Follow us on social

google cta
Shutterstock_1330708832-scaled

The CIA's hypocrisy on 'sources and methods'

The Agency’s carelessness in protecting its own agents reveals the cynicism of the US government’s treatment of whistleblowers.

Analysis | North America
google cta
google cta

Reuters recently published new reporting on the story of one of the worst U.S. intelligence failures in decades. From approximately 2010 to 2013, dozens of CIA informants in China, Iran, and elsewhere were rounded up and executed, jailed, or flipped to double agents. In Iran and China, almost the entirety of the CIA’s network in two of its top-priority countries are reported to have been exposed.

Some in the U.S. government seemed to try to pin much of the blame on a betrayal by CIA officer Jerry Lee, who was later prosecuted and pleaded guilty to spying on behalf of the Chinese government. But Lee’s alleged espionage could not account for all the sources blown.

In a series of articles published by the New York Times, Foreign Policy, and Yahoo! News, another explanation emerged: an astonishing laxity of source protection at the CIA itself. The reporting outlined several lapses in basic tradecraft (which included sending new recruits to meet at locations known to be under close foreign surveillance), but most catastrophic was the (not so) secret communications system the CIA used with these sources. Even if there had not been a mole, it seems hard to believe that the slapdash system could have long evaded the sophisticated counter-intelligence capabilities of the Chinese and Iranian governments.

Essentially, the CIA had set up a system to embed a messaging function hidden in the search box of hundreds of cheaply produced fake websites. The word “hidden” should be used loosely here — the new Reuters reporting found more than three hundred of the sites and showed that a cursory look at their publicly available HTML source code revealed labels such as “message,” “compose,” and “password.” And because the agency purchased the domain names in bulk, the websites were assigned sequential IP addresses — making it almost trivially easy to identify the whole network once a few were discovered.

In other words, simply entering the correct operators into a Google search might have led to dozens of informants rounded up and executed. This level of sloppiness is deeply shocking and inexcusable for a spy service with the resources and expertise available to the CIA. But there are additional layers of hypocrisy and bitter irony that have been less discussed.

This episode coincided with the Department of Justice ramping up its war on whistleblowers. The government used “sources and methods” as a cudgel in these unprecedented Espionage Act prosecutions: they claimed to assign the gravest weight to the protection of sources — so much so that no concern of public interest, no matter how great, could ever be weighed against the secrecy. But those sources were treated as utterly disposable: the agency couldn’t even be bothered to obscure the HTML on its communications system.

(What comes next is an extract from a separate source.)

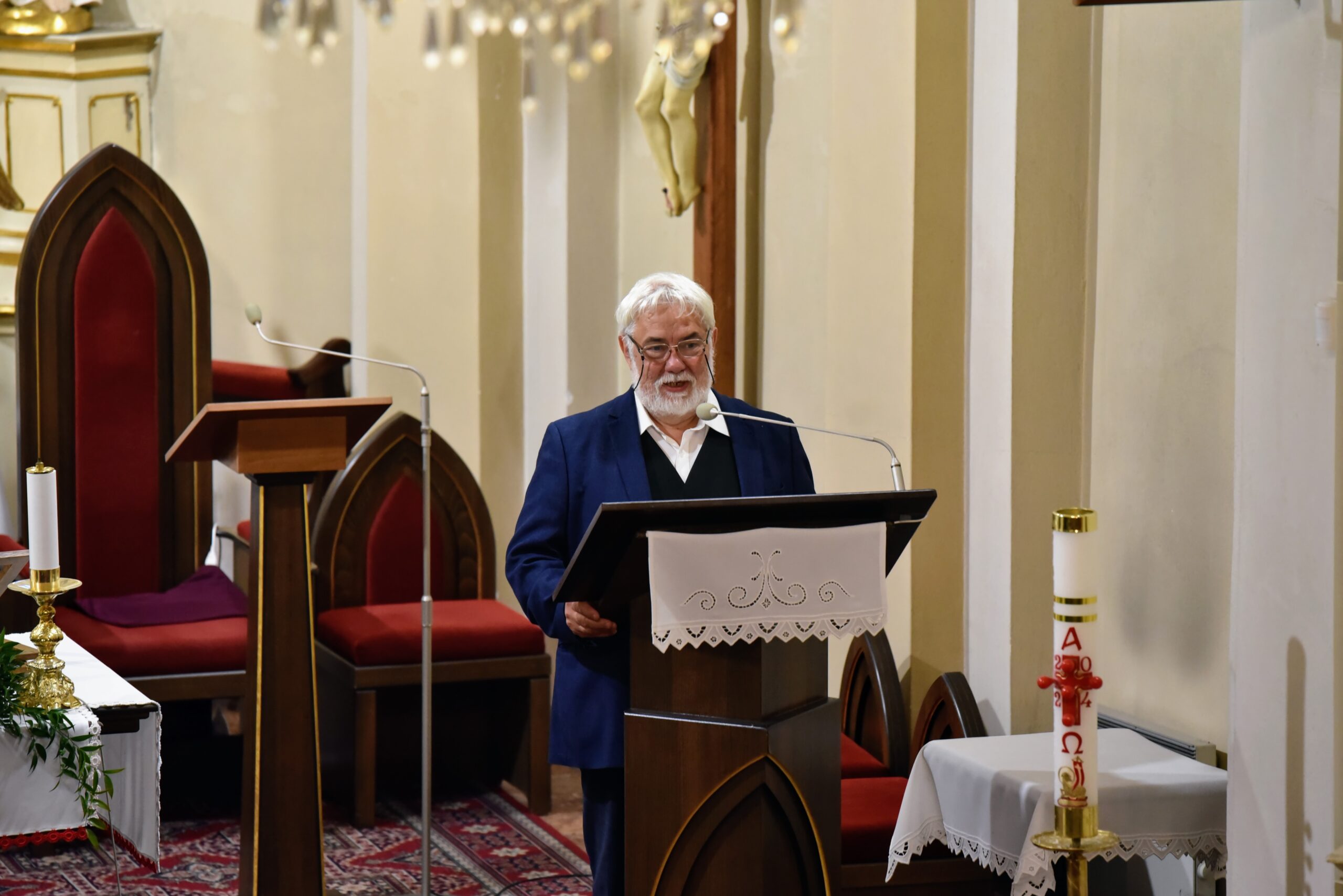 Molnár Imre történész a kiengesztelődés mártírját, Boldog Jerzy Popieluszko atyát mutatta be a híveknek. Beszámolójában Boldog Jerzy atyát is idézte: „A szentek vonzzák egymást. Ne féljetek szentekké válni!” Az atyát 1972-ben Stefan Wyszynski bíboros szentelte pappá. Jerzy atya már fiatal papként a nép szolgálatában végezte szolgálatát, így lett a lengyel Szolidaritás független szakszervezet káplánja. Ebben az időben felcsillant a remény, hogy a kommunizmus hatalmából –Moszkva fogságából– ki lehet törni. Élesen bírálta a rendszert, az igazságtalanságot, aminek következményeként megfigyelték, megfenyegették, letartóztatták. A szeretetet, az imádságot, a megbocsátást használta lengyel testvéreivel együtt a lélektelen rendszerrel szemben. 1984-ben halt vértanúhalált embertelen körülmények között. Ennek idén lesz a 40. évfordulója.

In a pattern common to the intelligence community’s most catastrophic self-owns, no one seems to have yet been held accountable. Well, except one person. As you may have guessed, there was a whistleblower. In 2008, a CIA contractor named John Reidy started sounding the alarm through internal channels that these grave flaws in the system were a ticking time bomb. Reidy was fired in retaliation, and his complaint to the Inspector General went uninvestigated until well after dozens of informants had already been jailed or killed. As Reidy tried to fight the retaliation, the government even prohibited him from telling his own attorney anything about the nature of his disclosures.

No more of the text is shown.